Haasea hungarica

Scientific classification
- Kingdom: Animalia
- Phylum: Arthropoda
- Subphylum: Myriapoda
- Class: Diplopoda
- Order: Chordeumatida
- Family: Haaseidae
- Genus: Haasea
- Species: H. hungarica
- Binomial name: Haasea hungarica (Verhoeff, 1928)
- Synonyms: Orobainosoma hungaricum Verhoeff, 1928;

= Haasea hungarica =

- Genus: Haasea
- Species: hungarica
- Authority: (Verhoeff, 1928)
- Synonyms: Orobainosoma hungaricum Verhoeff, 1928

Species of millipede

Haasea hungarica is a species of millipede in the family Haaseidae. This species is a eutroglophile, capable of spending its entire life cycle in a cave but also capable of living on the surface outside of caves. Although these millipedes are often found in caves, this species has also been found on the soil surface in forests.

== Discovery ==
The German zoologist Karl W. Verhoeff first described this species in 1928 based on specimens including adults of both sexes and one juvenile. These specimens were collected from Abaligeti Cave in Hungary. The Hungarian zoologist Elemér Bokor found the first of several specimens collected from this cave in 1922. The type specimens include five syntypes deposited as intact specimens in the Hungarian Natural History Museum in Budapest as well as type material deposited in the form of slides in the Zoologische Staatssammlung München and the Museum für Naturkunde Berlin, both in Germany. No lectotype has been designated.

== Distribution ==
Authorities initially believed this species to be endemic to Abaligeti Cave, where this millipede was found in the deepest part of the main passage and in a hall 300 m below the surface. In the decades after the discovery of this species, however, more finds were reported later in other locations in Hungary. These finds include the discovery of epigean populations, for example, in forest litter in the Kőszeg mountains, on Tubes peak in the Mecsek mountains, and in the Dráva region, as well as finds in other caves. Once thought to be endemic to Hungary, this species has also been identified among specimens collected in Romania, Austria, Slovenia, and Serbia, expanding the known distribution of this species across the Carpathian basin. The range of this species extends from the Styrian mountains, across low mountains and forests in the Pannonian Plain, to the Banat mountains and Southern Carpathians in Romania.

== Taxonomy ==
Verhoeff originally described this species in 1928 under the name Orobainosoma hungaricum. In 1971, however, the Dutch myriapodologist Casimir Albrecht Willem Jeekel recognized the validity of Haasea as a genus. Authorities have since deemed Orobainosoma to be junior synonym of Haasea and now consider Haasea hungarica the accepted name for this species.

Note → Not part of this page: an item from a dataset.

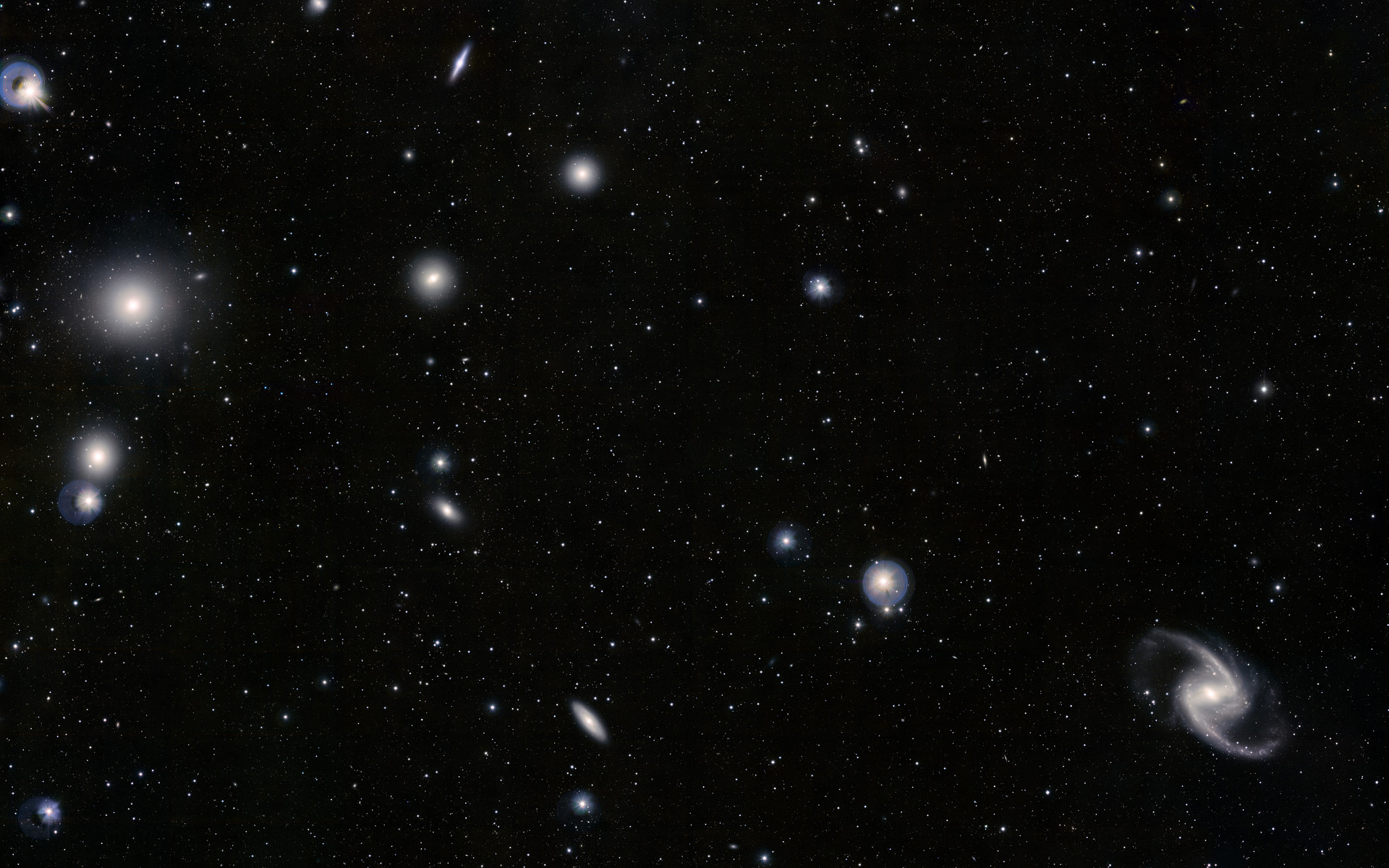 The Fornax Galaxy Cluster is one of the closest of such groupings beyond our Local Group of galaxies. This VISTA image was constructed from images taken through Z, J and Ks filters in the near-infrared part of the spectrum and has captured many of the cluster members in a single image. At the lower-right is the elegant barred-spiral galaxy NGC 1365 and to the left the big elliptical NGC 1399, surrounded by a swarm of faint globular clusters. The image is about 1 degree by 1.5 degrees in extent and the total exposure time was 25 minutes.

In 1965, the Romanian zoologist Ionel Tabaracu described Orobainosoma hungaricum orientale as a new subspecies based on specimens collected from caves in the Banat and Oltenia regions in Romania. Some authorities still accept this subspecies as valid. Others find the minor differences in morphology cited by Tabaracu to be too variable and therefore deem Orobainosoma hungaricum orientale to be a junior synonym of Haasea hungarica.

== Description ==
Adults in this species range from 8.5 mm to 10 mm in length. The body is yellowish white, but the dorsal surface is a reddish or yellowish brown. This millipede has only 28 segments in adults (counting the collum as the first segment and the telson as the last) rather than the 30 usually found in adults in the order Chordeumatida. Accordingly, adult females of this species have only 46 pairs of legs, and adult males have only 44 pairs of walking legs (excluding the eight and ninth leg pairs, which become gonopods).

This millipede can be distinguished from all other species in the genus Haasea based on the unique structures on the anterior gonopods in males. In particular, in H. hungarica the posterior lamella on these gonopods feature a distal notch. Among all the other species in the genus Haasea, only the species H. flavescens shares this trait with H. hungarica. In H. hungarica, however, the posterior lamella is larger and features a proximal protrusion, whereas in H. flavescens, the posterior lamella is smaller, and this protrusion is absent. Furthermore, H. flavescens usually features the 30 segments typically observed in the order Chordeumatida, whereas H. hungarica has only 28 segments.

== Development ==
This species arrives at lower numbers of segments and legs through a process of post-embryonic development that deviates from the anamorphosis usually observed in the order Chordeumatida. Like other species in this order, H. hungarica is teloanamorphic, adding segments and legs through a series of molts until the adult stage, when the molting stops and the adult emerges with a final number of segments and legs. This species, however, reaches maturity and stops molting one stage earlier, in the eighth stage rather than in a ninth stage. Furthermore, the males of this species begin to develop gonopods one stage earlier, in the sixth stage rather than in the seventh stage.